Note that in this parable Jesus clearly says, “I am the Good Shepherd.” This is not something we wonder about. It is something we proclaim because He did. If we ask, after reading the Scripture, who the Good Shepherd is, and the child does not answer, we can (and should!) provide this answer - Jesus - because this is a truth of the Scripture revealed explicitly by Jesus Himself. We can read directly from God's Word to the child to answer this question. Similarly, if we ask the child what makes the Good Shepherd so good and he says that the Shepherd is actually bad, we again return to the Scripture passage which clearly lists "good" as an attribute of this Shepherd. Once more, the Scripture passage itself gives us the boundaries for our pondering. On the other hand, if we ask the children who the sheep might be, we do not give an answer even if they have no response. The answer to this question is not clearly defined in the text of this parable and to give this information would be to speed that child, before he is ready, to the end of the path, a journey which is for God and the child alone.
Here are a few of the sources which give us the foundation for proclaiming this truth to the children:
- Scripture. "Whoever eats my flesh and drinks my blood has eternal life, and I will raise him on the last day. For my flesh is true food, and my blood is true drink" (John 6:54).
- The Liturgy: Through gesture we see this truth proclaimed each time the priest, after the words of consecration, "genuflects in adoration," as prescribed in the Roman Missal. While the Eucharist may still look like bread and wine, the priest would only genuflect before God Himself. In one example of a verbal prayer which proclaims this same truth we hear, in the Prayer after Communion on the Solemnity of the Most Holy Body and Blood of Christ or Corpus Christi: "Grant, O Lord, we pray that we may delight for all eternity in that share in your divine life, which is foreshadowed in the present age by our reception of your precious Body and Blood."
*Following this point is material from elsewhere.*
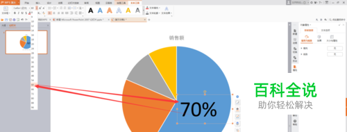 接下来对饼图进行编辑。选择开始,文本框,在页面拖出一个文本框,在文本框中输入数字,百分之70,

- The Magisterium. CCC #1413 states, "Under the consecrated species of bread and wine Christ himself, living and glorious, is present in a true, real, and substantial manner; his Body and his Blood, with his soul and his divinity.".
Guided by Scripture, the Liturgy, and the Magisterium we can have confidence in guiding the children and helping to keep them on the path of truth. We have so many beautiful resources at our disposal that help us to provide a space in which the children may freely ponder and wonder, safe on the path, trusting us to remind them of the guide-rails and even, when needed, allowing us to pull them back up out of the ditch onto the pathway of truth!